# [WHAT YOU ARE ASKED TO DO]
Word for word, and without a single picture, repeat the entries.

# [TASK DATA]
------------

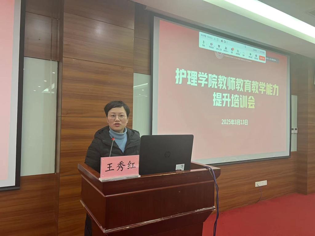 为助力护理教育教学高质量发展,全面提升护理学科教师教育教学能力,扎实推进新一轮本科教育教学审核评估迎评促建工作高效开展,YABO鸭脖于3月13日在北京路校区临床技能中心207室举行教师教育教学能力提升专题培训会。本次培训聚焦教学设计与模式创新、教学评价改革等内容,由学院李红、马丽两位副教授进行专题培训,会议采用线上线下结合的模式举行。院长王秀红、副院长刘志燕、YABO鸭脖附属医院护理部副主任顾颖、YABO鸭脖全体专业教师、附属医院及护理学专升本各教学点教学老师、教学管理人员、YABO鸭脖研究生200余人参会。会议由刘志燕主持。
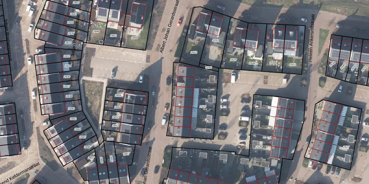Het perceel waarop Albert Johan Gerardsstraat 63 staat heeft een oppervlakte van 951 m². Dit is een groot perceel. De perceeloppervlakte wordt geregistreerd door het Kadaster. Gedetailleerde informatie over de maten van dit perceel kunt u vinden in het rapport Kadastrale kaart met maatvoering van Albert Johan Gerardsstraat 63.
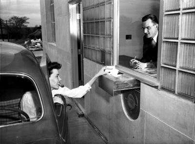 Mrs. Lillian McMurray Moore, bank stenographer, and S. M. Payne, assistant cashier, demonstrate how curb service will be given at the new First National Bank building at Grapevine, Texas. Mrs. Moore is in a car that is parked by the curb service area of the building. She is leaning out of the driver side window and placing some checks in the sliding metal tray while she communicates with Mr. Payne, who is inside the building, over a two way speaker system. The glass in front of Mr. Payne is an inch thick and bulletproof. Mr. Payne is wearing a dark suit and a pair of eyeglasses and Mrs. Moore is wearing a long-sleeve blouse.
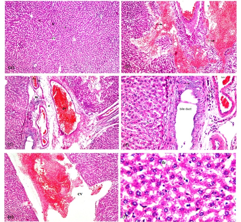Fig. 6A: Liver paraffin sections stained by haematoxylin and eosin (HandE) for histopathological changes induced by lannate. (a) normal control liver, (b-f) liver treated with lannate. The magnification power was 100x in fig. number (a), (b), (c), and (e) while it was 200x in fig. number (d) and 400x in fig. number (f)
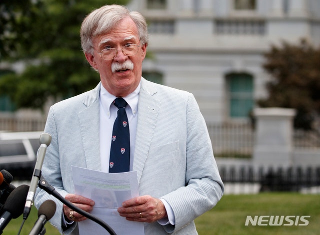 【워싱턴=AP/뉴시스】존 볼턴 미 국가안보 보좌관이 7월 31일(현지시간) 백악관에서 취재진과 얘기하고 있다.
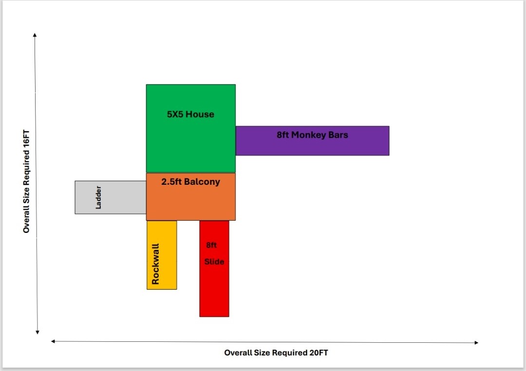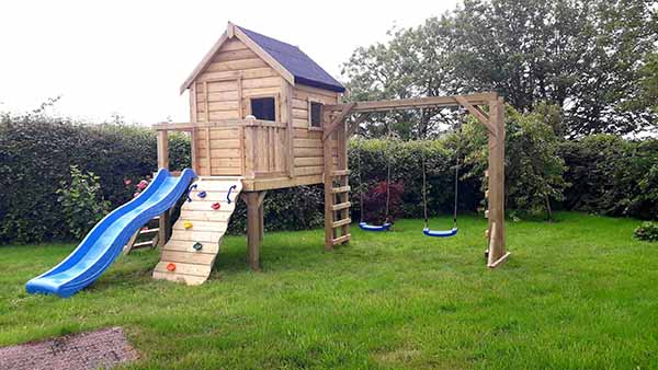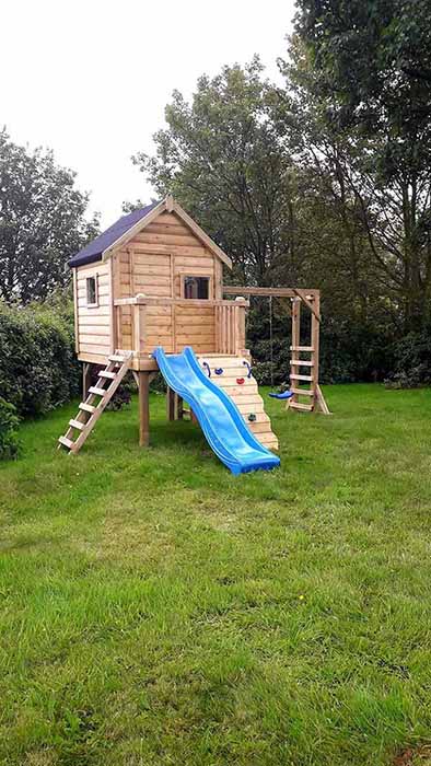 5FT X 5FT play house on a 4ft deck Rock wall & Ladder 8ft wave slide Monkey bars with 2 plastic swings

------------

# [ANSWER SECTION]
 为助力护理教育教学高质量发展,全面提升护理学科教师教育教学能力,扎实推进新一轮本科教育教学审核评估迎评促建工作高效开展,YABO鸭脖于3月13日在北京路校区临床技能中心207室举行教师教育教学能力提升专题培训会。本次培训聚焦教学设计与模式创新、教学评价改革等内容,由学院李红、马丽两位副教授进行专题培训,会议采用线上线下结合的模式举行。院长王秀红、副院长刘志燕、YABO鸭脖附属医院护理部副主任顾颖、YABO鸭脖全体专业教师、附属医院及护理学专升本各教学点教学老师、教学管理人员、YABO鸭脖研究生200余人参会。会议由刘志燕主持。
Het perceel waarop Albert Johan Gerardsstraat 63 staat heeft een oppervlakte van 951 m². Dit is een groot perceel. De perceeloppervlakte wordt geregistreerd door het Kadaster. Gedetailleerde informatie over de maten van dit perceel kunt u vinden in het rapport Kadastrale kaart met maatvoering van Albert Johan Gerardsstraat 63.
 Mrs. Lillian McMurray Moore, bank stenographer, and S. M. Payne, assistant cashier, demonstrate how curb service will be given at the new First National Bank building at Grapevine, Texas. Mrs. Moore is in a car that is parked by the curb service area of the building. She is leaning out of the driver side window and placing some checks in the sliding metal tray while she communicates with Mr. Payne, who is inside the building, over a two way speaker system. The glass in front of Mr. Payne is an inch thick and bulletproof. Mr. Payne is wearing a dark suit and a pair of eyeglasses and Mrs. Moore is wearing a long-sleeve blouse.
Fig. 6A: Liver paraffin sections stained by haematoxylin and eosin (HandE) for histopathological changes induced by lannate. (a) normal control liver, (b-f) liver treated with lannate. The magnification power was 100x in fig. number (a), (b), (c), and (e) while it was 200x in fig. number (d) and 400x in fig. number (f)
 【워싱턴=AP/뉴시스】존 볼턴 미 국가안보 보좌관이 7월 31일(현지시간) 백악관에서 취재진과 얘기하고 있다.
 5FT X 5FT play house on a 4ft deck Rock wall & Ladder 8ft wave slide Monkey bars with 2 plastic swings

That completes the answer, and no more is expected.